Trash Magz
With a surging, feral restlessness and tough-as-nails wackiness, Trash Magz shake up the scene with a rambunctious style that feels like a wanton collision between the Spits, Murder City Devils, and the Cows. In the hallow land of Houston, Texas bands like Really Red, Mydolls, and Culturcide, Trash Magz pursue their agenda: a vindicative push against same-samey politics, lamebrain privileged hipsters, and racist idiots. And they do so with tremendous, unnerving, short, brutal templates.

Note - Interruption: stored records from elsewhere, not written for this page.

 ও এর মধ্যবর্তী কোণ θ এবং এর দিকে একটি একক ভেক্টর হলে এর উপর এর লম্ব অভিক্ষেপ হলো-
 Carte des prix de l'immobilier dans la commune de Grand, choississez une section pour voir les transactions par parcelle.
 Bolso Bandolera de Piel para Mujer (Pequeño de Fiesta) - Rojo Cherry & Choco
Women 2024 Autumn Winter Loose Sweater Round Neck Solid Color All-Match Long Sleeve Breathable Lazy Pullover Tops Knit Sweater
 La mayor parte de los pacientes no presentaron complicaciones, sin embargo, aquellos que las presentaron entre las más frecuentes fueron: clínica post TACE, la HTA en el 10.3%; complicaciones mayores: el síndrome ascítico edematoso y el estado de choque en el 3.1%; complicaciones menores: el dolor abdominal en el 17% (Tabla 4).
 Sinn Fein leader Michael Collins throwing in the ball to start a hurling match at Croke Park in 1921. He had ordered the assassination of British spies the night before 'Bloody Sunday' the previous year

Out of the gate, “Split” exudes an everyday pissed-off anguish about a nation sunk into flames and discord as the “new regime … looks like a déjà vu.” The tempo is not hardcore, just a wall of punk firepower and weird vocals mannerisms to keep you on edge. Meantime, “Montrose” takes aim at the former neighborhood epicenter of hippie, rocknroll, and queer culture that has suffered from pricey rounds of recent mega-gentrification. Bootlickers have moved in from the burbs to cast their social media spells, all paid for by daddies bursting at the seams with investments as their kids take the plunge into vice and what’s left of street culture.
“Out of My Head” uses manic repetition and a proto-hardcore velocity to pound home the chaos of running mad and free against the creepy sheep and dumbasses surrounding us, which makes one feel like the ground is cracking underneath: mental states get weary and worn while in a constant fight against clones and conformists.
Other tunes run the gamut of describing the modern fucked-up world, whether “Won't Get Flagged" (with its emphasis on “the fear in a city mob,” agendas pushed on innocent ones, and potential bombs hidden in the cities of strife) or the wayward new wave “Scrapers” (which decries racist phobes and bigot bullies, deniers and cretins).
"Dismantle” launches a more direct attack, calling on people to recognize the people who take “fearful flights to freedom” to the U.S., only to get slapped in the face, while also exhorting the working class to “to rise, to do what’s right … dismantle the machinery.” Trash Magz see that as a rational response to a world with surging profits as workers suffer under white-collar criminal office regimes.
No song barrels ahead for more than two minutes, and each serves up a dose of shocking truths wrapped in bad-ass attitudes, all bound together by punk-as-hell energies: keyboard blurts, throaty vocal rasps, electric-woven sizzling guitar, and audio clips that begin each tune with a taste of modern media rupture.